# Naturose Discontinued by Manufacturer



## UmbraSprite (Mar 2, 2007)

Bad news!!!

The folks who manufacture Naturose have discontinued the animal grade product in lieu of a "for human consumption" version which sells at 10X the cost.  

I am looking into alternate supplies but this means basically the cost of this stuff is going to go up for all of us. I will keep everyone updated on what I find out.

Chris


----------



## elscotto (Mar 1, 2005)

Chris-
Thanks very much for the update. Do you know the shelf life of this stuff? Is excess powder best preserved sealed in the fridge? Frozen? Thanks.


----------



## UmbraSprite (Mar 2, 2007)

Not sure about temperature. I do know you should seal it air tight and protect from light. I would assume room temp is acceptable under the previously mentioned conditions.

Chris


----------



## Rain_Frog (Apr 27, 2004)

looks like we may have to go back to cyclops for tadpoles. :roll: 

Chris, so you're saying they're going to "keep" Naturose, just make a different grade that is fit for human consumption?


----------



## UmbraSprite (Mar 2, 2007)

Naturose was the name of their animal grade product. Bio-Astin is the human grade and brings in a price about 10x of the Naturose. Here is a link...
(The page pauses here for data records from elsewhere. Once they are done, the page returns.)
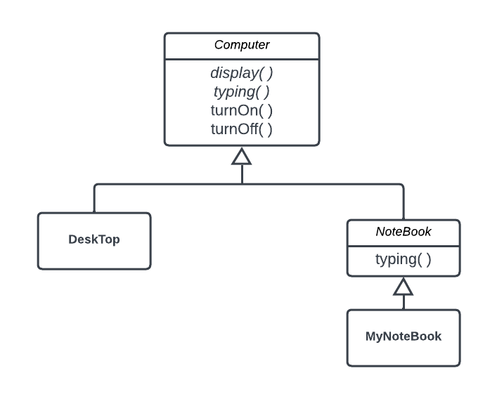 위 그림의 다이어그램에서 Computer클래스는 추상 클래스이며 이를 상속받은 두 클래스 중 DeskTop 클래스는 일반 클래스이고 NoteBook클래스는 추상 클래스입니다. 마지막으로 NoteBook클래스를 상속받은 MyNoteBook 클래스도 일반 클래스이다. Computer클래스가 제공하는 메서드 중 두개는 기울임꼴 서체로 표시했다. 이는 추상 메서드임을 나타낸다. 즉 display()와 typing()은 추상 메서드이고 turnOn()과 turnOff()는 구현 코드가 있는 메서드이다.
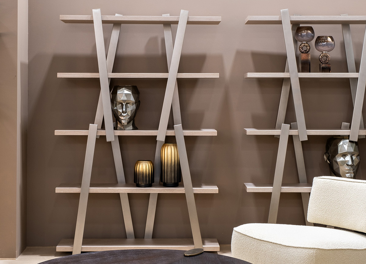 Оригинальный стеллаж с полками из МДФ, отделанного светлым шпоном, станет прекрасным дополнением современной гостиной, кабинета или библиотеки. Необычный дизайн, в котором деревянные полки соединены перекрещивающимися металлическими опорами цвета античной бронзы, приковывает взгляд и делает стеллаж похожим на арт-объект. Стеллаж прекрасно подойдет для размещения книг, фотографий, а также предметов декора.
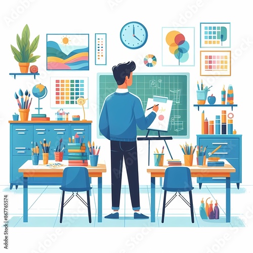 Colorful modern classroom vector illustration isolated on white background

http://www.cyanotech.com/news/news_032608.html


----------



## tzen (Nov 22, 2007)

So the problem is the natural astaxanthin made from algea just can't compete in the animal feed market with synthetic astaxanthin.

Listed synthetics are:
Carophyll Pink from DMS 
Lucantin Pink from BASF.

Lots of facinating stuff about astaxanthin on wikipedia.
Anyway, could you get & offer them?


(Although I'm not to sure why I'm asking. All I have are azureus.)


----------



## Dancing frogs (Feb 20, 2004)

My opinion:
Even at 10x the cost, it is still not extremely expensive for a hobbiest doing it for fun, and not trying to make a living out of it.
I mean, I use maybee at most 1/4 of a teaspoon per week...all my frogs that are able to eat fruitflies get a little every week...and I don't think I'd see much difference in the frogs if I went to 10-12 day intervals instead of weekly.
Yeah, it does suck that naturose is being discontinued, but my comment is just to draw things into perspective.

My first order of naturose was a 2 oz. jar, and lasted a good year (at the above feeding intervals)...not even trying to conserve it...monkeyed around putting some in ff cultures here and there, making gutloads etc., and I don't think most would consider my collection small at all.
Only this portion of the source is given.